The minimal bacteriostatic concentration of iodoacetate, azide, or proflavine was added at intervals during the latent periods of virus in three different bacterium-bacteriophage systems (M. aureus, B. mycoides, E. coli). For each interval at which inhibitor was added, the occurrence of lysis and the final yield of phage were determined. In the B. mycoides and E. coli systems, when added during the first part of the latent period, inhibitor prevented lysis and no phage was released. Introduction of inhibitor during the last part of the latent period resulted in normal lysis and in a linear increase in phage that progressively approached the yield obtained in the absence of inhibitor (the later the introduction, the higher the yield).
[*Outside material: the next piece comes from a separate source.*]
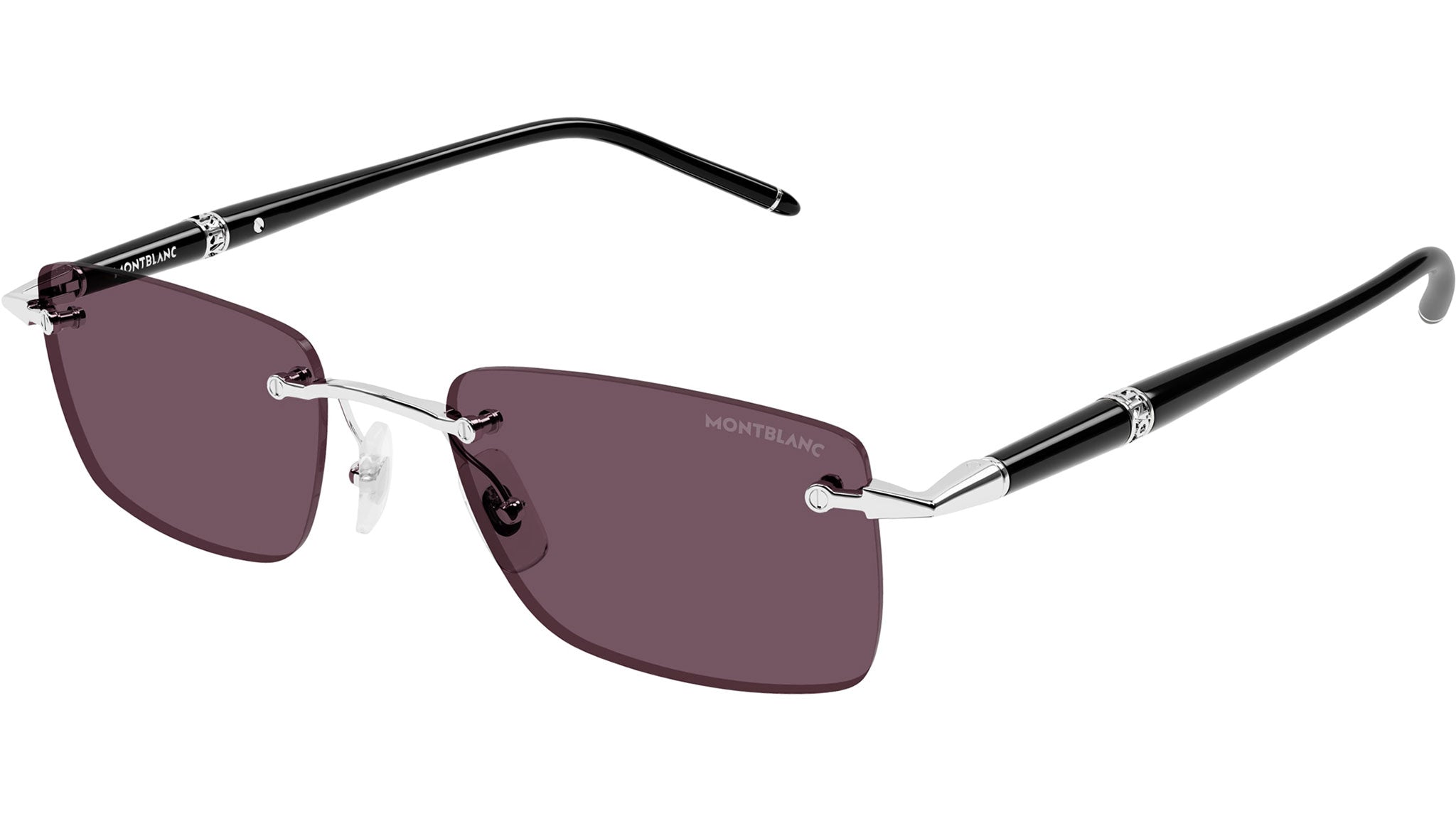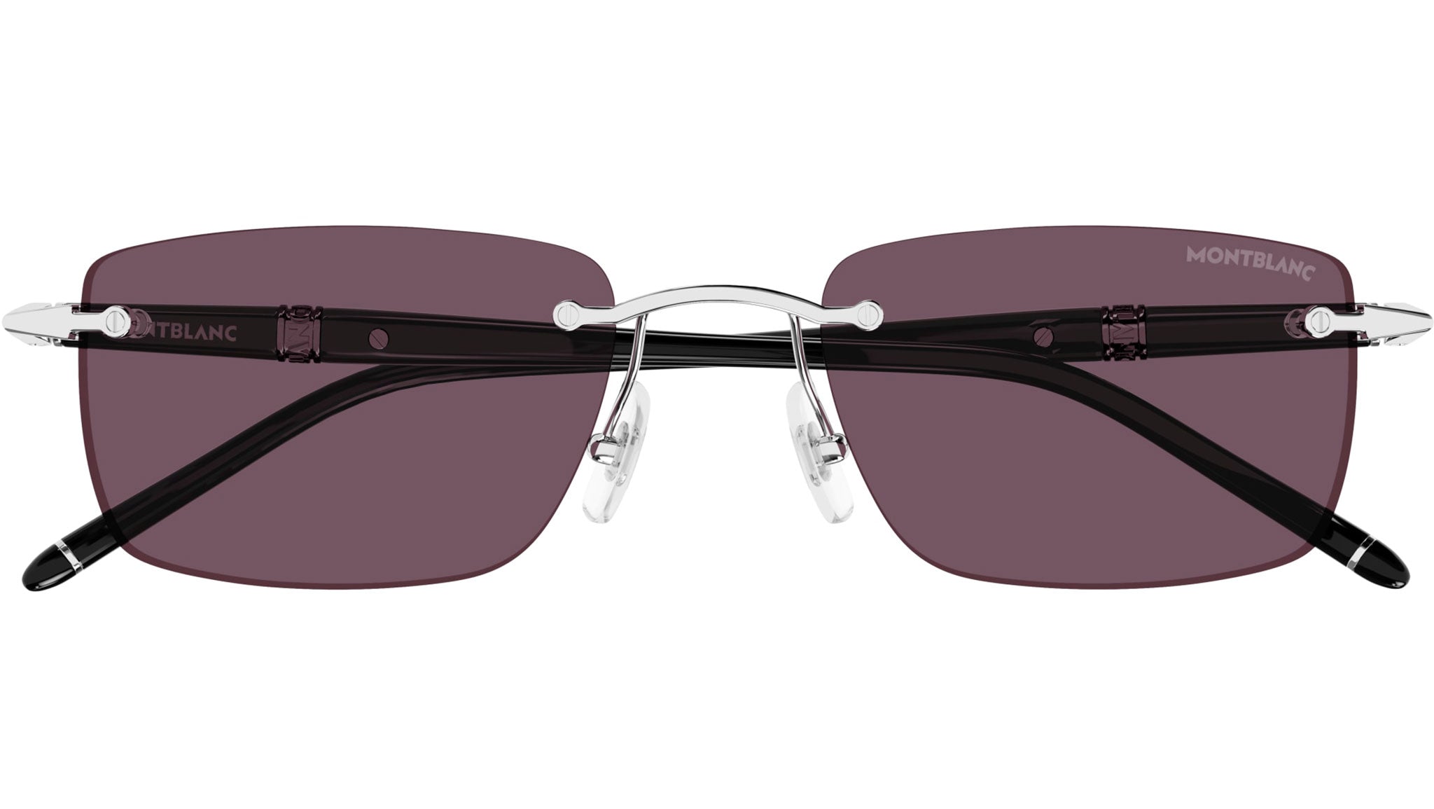 Occhiali da sole Montblanc modello MB0344S linea Meisterstück forma rettangolare in metallo, codice colore 002 argento lucido con aste color nero e lenti color viola scuro solido.

In the M. aureus system, phage production and lysis in the presence of inhibitor followed the same general pattern, except that release of phage and normal lysis occurred in infected cells to which inhibitor had been added quite early in the latent period.

Our results, when compared with those of Foster (1948) with proflavine and Bozeman et al. (1954) with chloramphenicol, suggest that (1) the final phage yields represent the amount of mature intracellular virus present at the time of addition of inhibitor and (2) the reactions leading to lysis proceed independently of those leading to the formation of mature virus once phage infection has reached a critical point in time.